B.C. Ferries has revised its four-year plan to take into account a predicted mild recession, inflation, “significantly” rising costs across the system and ongoing employee staffing and retention challenges.
A 41-page supplemental report to the Office of the B.C. Ferries Commissioner updates the corporation’s outlook submitted six months ago.
Employee turnover is high, mid-life upgrades for ships are being deferred, and maintenance costs for its aging fleet and infrastructure have jumped.
B.C. Ferries’ updated forecast, based on the expectation of a mild recession early in its 2024 fiscal year, predicts traffic will be down one to three per cent overall, resulting in a $14-million drop in fare revenue.
With high inflation that could cut into consumer spending in the next two years, there is a “real risk there will be a reduction in discretionary travel, which could further impact travel,” the update says.
Even so, the company is assuming favourable economic conditions will return in the 2025 fiscal year, bringing traffic back up to earlier forecasted levels.
It cautions that vehicle traffic could decline with future fare-rate increases. However, the province announced last month it was providing $500 million to B.C. Ferries to keep fare increases below three per cent per year.
Capital spending is typically planned over 12 years. Numbers provided in September have been revised because of “extraordinary” inflation, the update said.
About $229 million has been added to the capital budget of $5-billion-plus even as some projects have been cancelled or deferred.
New vessels account for about $2.2 billion of the capital budget. The cost of several more new Island-class vessels has increased, although the report did not say by how much.
Expected costs of $3.1 billion to upgrade existing vessels, terminals and information technology are expected to rise by about $187 million from previous estimates, mainly because of inflation, the update said.
As some projects have been advanced and others confirmed, more than 50 new initiatives remain, including a potential new tug and barge.
About 15 projects have been cancelled, valued at about $24 million.
Mid-life upgrades for the Coastal-class ferries have been pushed back to 2034.
Terminal and vessel maintenance costs have climbed because of supply-chain pressures, inflation, unplanned work due to deferred capital programs, and required repairs at terminals, the outlook says.
The cost to maintain the terminals has been higher than expected — expenses rose by $6.9 million for the 2023 fiscal year and by $7.9 million for the 2024 fiscal year.
More than half of the report addresses long-standing human resources issues, including lack of trained staff, high turnover, lack of leadership training and pay rates that are not competitive.
At the urging of the union representing B.C. Ferries workers, wages talks are set to reopen in November, five month ahead of schedule.
The report compared hourly rates for eight positions and found B.C. Ferries was behind Seaspan, a North Vancouver-based marine company, in seven work categories.
Deckhand and bridgewatch workers at B.C. Ferries earned 24.9 per cent less than at Seaspan and third engineers on a large vessel earned 18.6 per cent less.
The outlook contained a section that looked at how to attract and retain workers, including information obtained through exit interviews.
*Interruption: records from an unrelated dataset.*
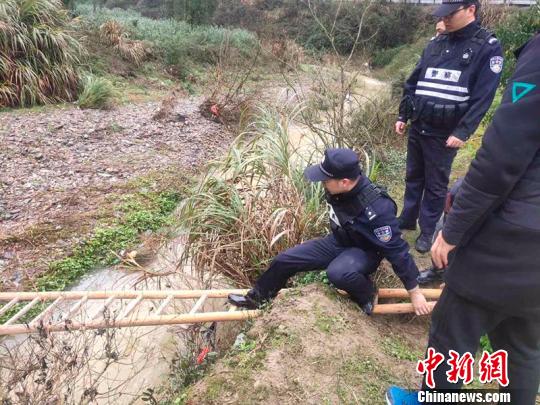 见被困人员暂时较为安全,朱智侠一方面观察现场情况,另一方面根据实际情况调整救援方案,并果断安排辅警迅速赶赴村里借来爬梯,并从两岸最近的亮点位把爬梯架过去。
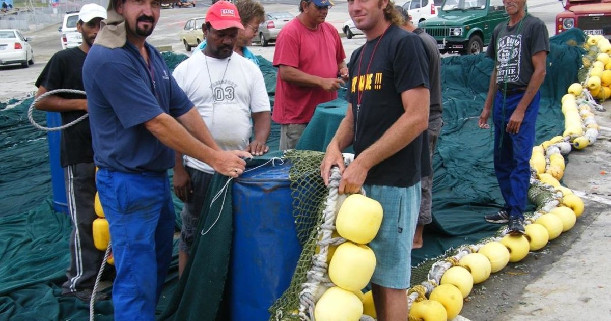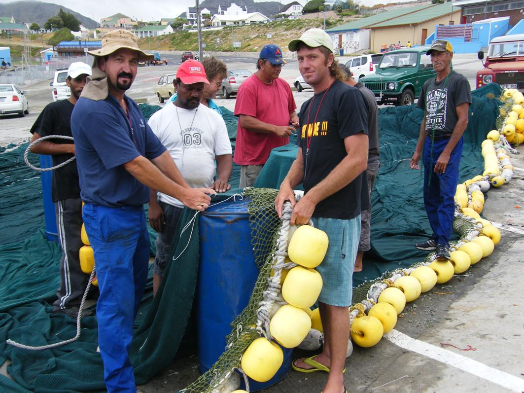 Vlnr is Jan Human, Apie van der Raath, Piet Otto (Skipper, weggesteek), Vleis Vermeulen, Johan (Visgees) Marais en Ben Oosthuizen van Kolgans tydens hulle boet van nette
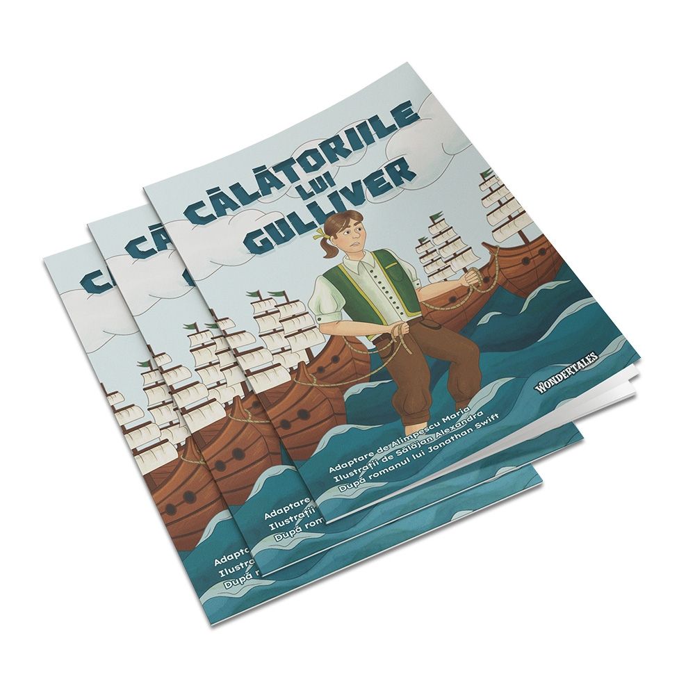 - Informatii: autorul este Jonathan Swift, adaptarea este realizata de Alimpescu Maria, iar desenele de Salajan Alexandra.
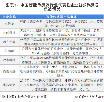 从代表企业智能传感器产品供应产品类型看出,我国企业主要供应的智能传感器类型包括温度传感器、氧传感器、压力传感器、气体传感器、磁传感器、光电传感器等。
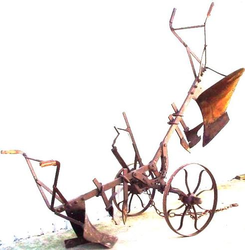 Kipploeg van metaal gebruikt om akkerland om te ploegen
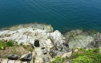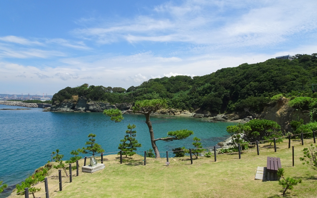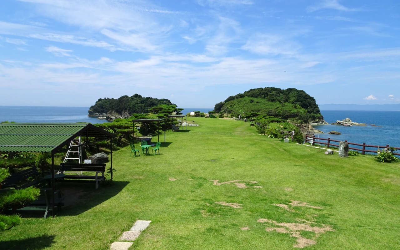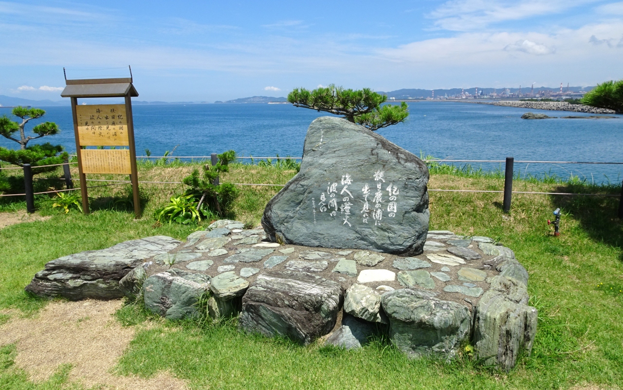和歌山バスの雑賀崎遊園バス停から徒歩約15分。海に突き出た「番所の鼻」という半島に広がる芝生庭園(入園料600円)。かつて紀州藩が海の防備のために設けた遠見番所が名前の由来で,黒船来航時にはお台場も築かれた。また,聖武天皇行幸の際,お供の藤原卿が雑賀浦の漁火を見て歌を詠んだという万葉ゆかりの場所でもあり,園内に歌碑があります。西正面には大島と中之島,南側には雑賀埼灯台を見渡せます。急な階段で岩場まで下りることもでき,釣りを楽しむ方もいました。よく手入れされた芝生が広がり,暑い夏でなかったら,のんびりと腰を下して過ごしたい感じのところです。
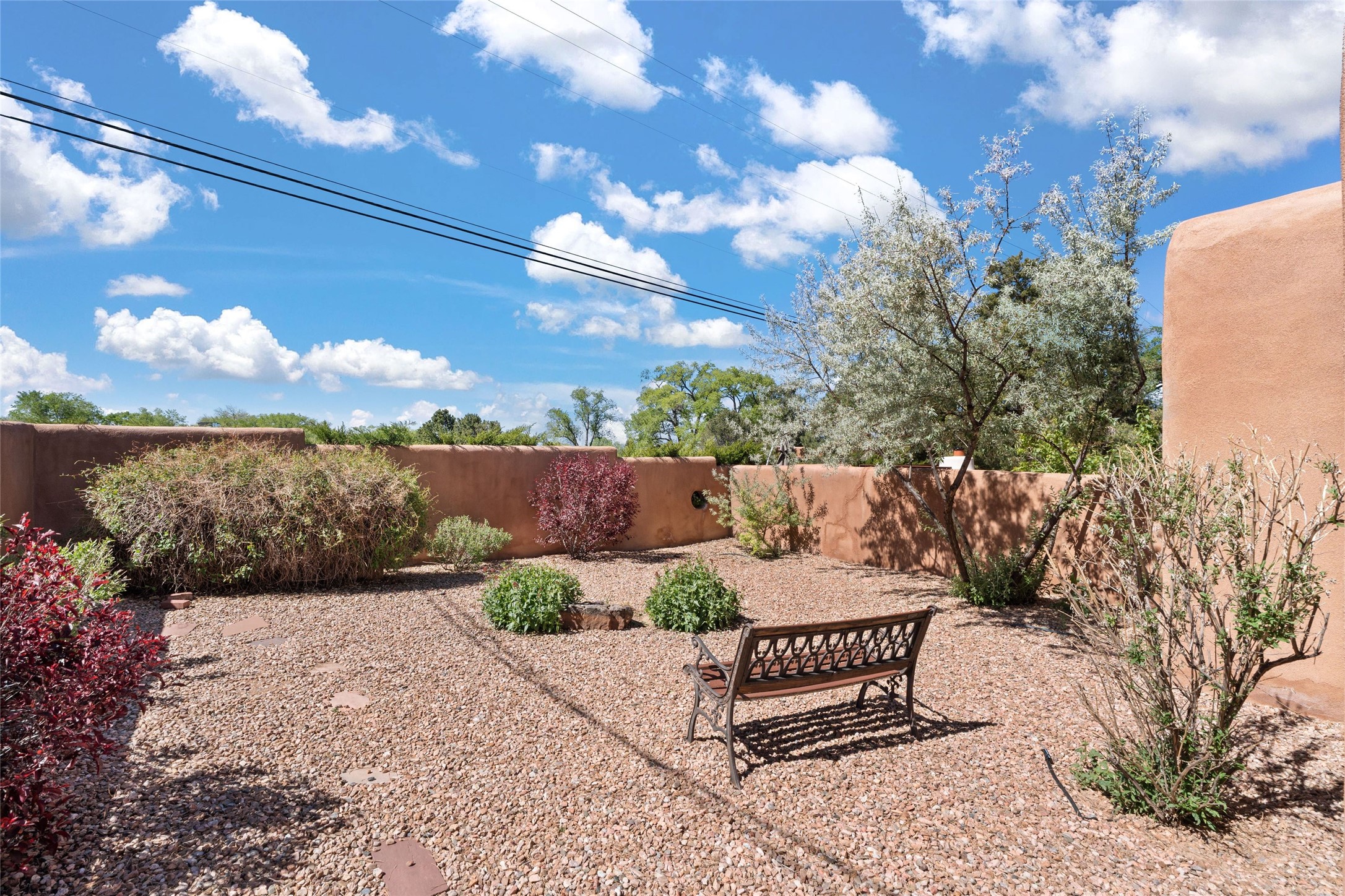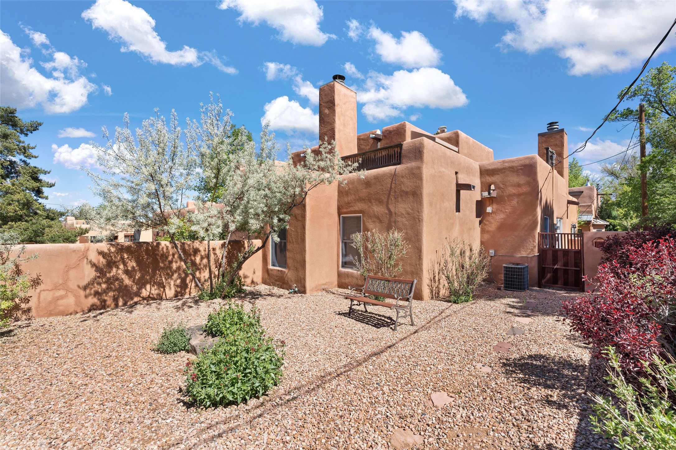 Charming Pueblo-Style Home in prime Santa Fe location, just minutes from downtown Santa Fe and the famed Canyon Road. This 2,102 sq ft Pueblo-style home blends timeless Southwestern character with modern comforts. Featuring 3 bedrooms and 2.5 bathrooms, this residence offers classic Santa Fe architecture with brick floors, exposed wood vigas, and two fireplaces. The kitchen boasts custom cabinetry, new dishwasher, and thoughtful craftsmanship throughout. Two generously sized bedrooms are located on the main level, while the upstairs hosts a large, private bedroom retreat with access to the rooftop--perfect for enjoying panoramic views of the Sangre de Cristo mountains and Santa Fe sunsets. Outdoors, professionally landscaped gardens are supported by a drip irrigation system. Additional features include a two-car garage and ample private outdoor spaces. This is a rare opportunity to own a beautifully appointed home in one of Santa Fe's most coveted locations. Furnishings available for purchase.

Consistent themes emerged when employees were asked why they were leaving B.C. Ferries.
An unnecessary amount of paperwork is required when technology could be used, they said, and operations management was not sufficiently trained to manage staff. Workers pointed to an unsustainable workload, such as years of working 12-to-15-hour days and most weekends and the belief that a work-life balance was not possible.
Other issues included a feeling that the workload was unmanageable and the situation would not improve in the long term. A lack of progress in human resources was also listed.
B.C. Ferries made hiring accredited officers a priority, but the report said there has been a growing number of declined employment offers.
Would-be employees noted the difficulty in finding housing and the cost of living in some communities, the report said.
“B.C. Ferries is experiencing a gap in overall leadership capabilities, with front line leaders needing higher levels of support to manage both operations and their team members.”